Zhou Q, Boyer T G, Berk A J
Department of Microbiology and Molecular Genetics, University of California, Los Angeles 90024-1570.
Genes Dev. 1993 Feb;7(2):180-7. doi: 10.1101/gad.7.2.180.
TFIID is a multisubunit protein containing the TATA box-binding polypeptide (TBP) and associated factors (TFIID-TAFs) required for activated transcription by RNA polymerase II. TBPs from different eukaryotes contain a highly conserved carboxy-terminal domain and very divergent amino-terminal domains. Earlier studies proposed that the amino-terminal domains of metazoan TBPs are required for activated transcription. However, we report that a human TFIID complex containing an amino-terminal truncated TBP contains all the major TFIID-TAFs and supports in vitro transcriptional stimulation by different classes of activation domains and from a TATA-less promoter. Protein blotting experiments revealed direct interactions between the conserved domain of TBP and the two largest TAFs. The results suggest a model for the interaction of TFIID-TAFs with TBP.

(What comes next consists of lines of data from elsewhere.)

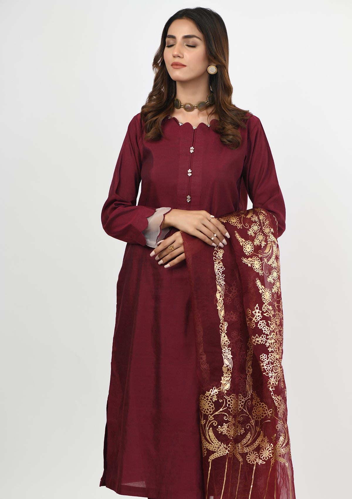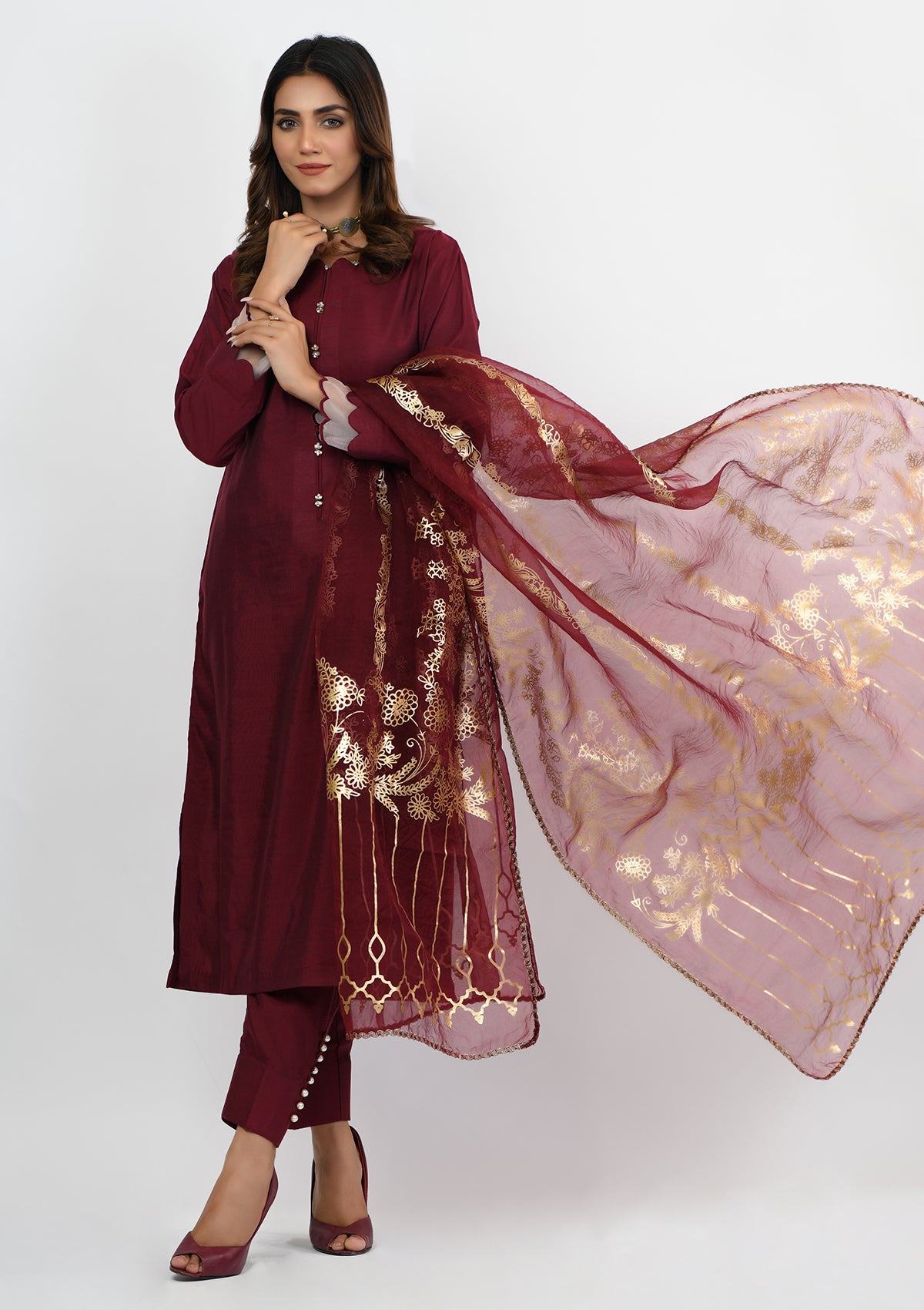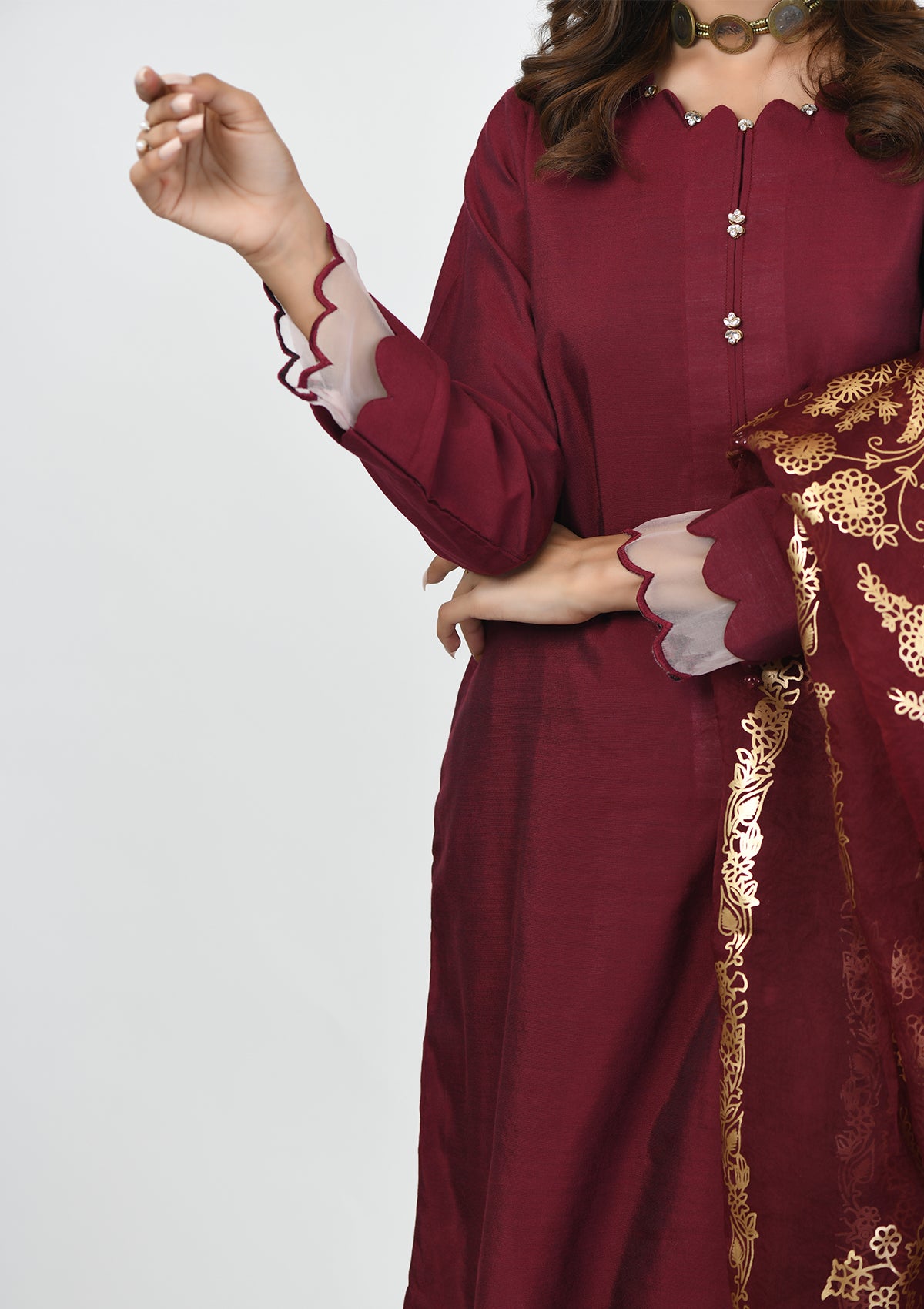 Product Details: The maroon cotton silk straight shirt features a scalloped neckline that is finely detailed with intricate kundun buttons. The sleeves are adorned with contrasting scalloped organza and paired with matching pants. Finish the look with a matching organza screen printed dupatta.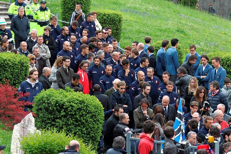 La plantilla del Atalanta llega al funeral del centrocampista del Livorno. EFE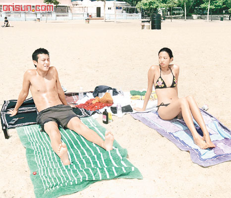 Edison最愛于中午時(shí)分、太陽最猛烈時(shí)暴曬,昨日他與一位擁有標(biāo)準(zhǔn)模特兒身形的女伴,于一時(shí)左右抵達(dá)淺水灣,女伴穿上繡花三點(diǎn)式泳裝,相比之下Edison則顯得較為保守,他只赤裸上身,穿上運(yùn)動(dòng)型短褲。接著二人各自拿出大毛巾墊于沙灘上,Edison再細(xì)心將兩條毛巾并排在一起,然后齊齊享受日光浴。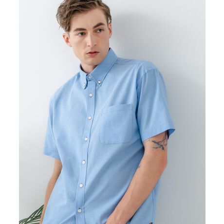 フレンチリネンミックスボタンダウン半袖シャツが登場!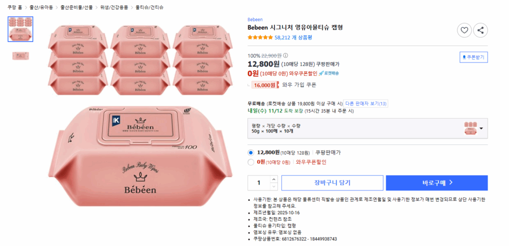 | Bebeen 시그니처 영유아물티슈 캡형 | 약 88원 | 없음 | 순한 사용감, 가성비 우수 |
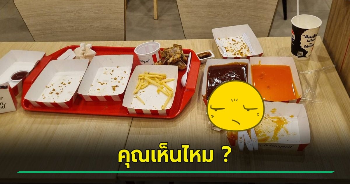 มีการโพสต์โต๊ะในร้านเคเอฟซีที่มีการวางขยะหลังกินอาหารเสร็จ

TFIID是一种多亚基蛋白,包含TATA框结合多肽(TBP)和RNA聚合酶II激活转录所需的相关因子(TFIID-TAFs)。来自不同真核生物的TBP含有高度保守的羧基末端结构域和差异很大的氨基末端结构域。早期研究表明,后生动物TBP的氨基末端结构域是激活转录所必需的。然而,我们报道,含有氨基末端截短TBP的人TFIID复合物包含所有主要的TFIID-TAFs,并支持不同类型激活结构域以及来自无TATA框启动子的体外转录刺激。蛋白质印迹实验揭示了TBP保守结构域与两个最大TAFs之间的直接相互作用。结果提示了一个TFIID-TAFs与TBP相互作用的模型。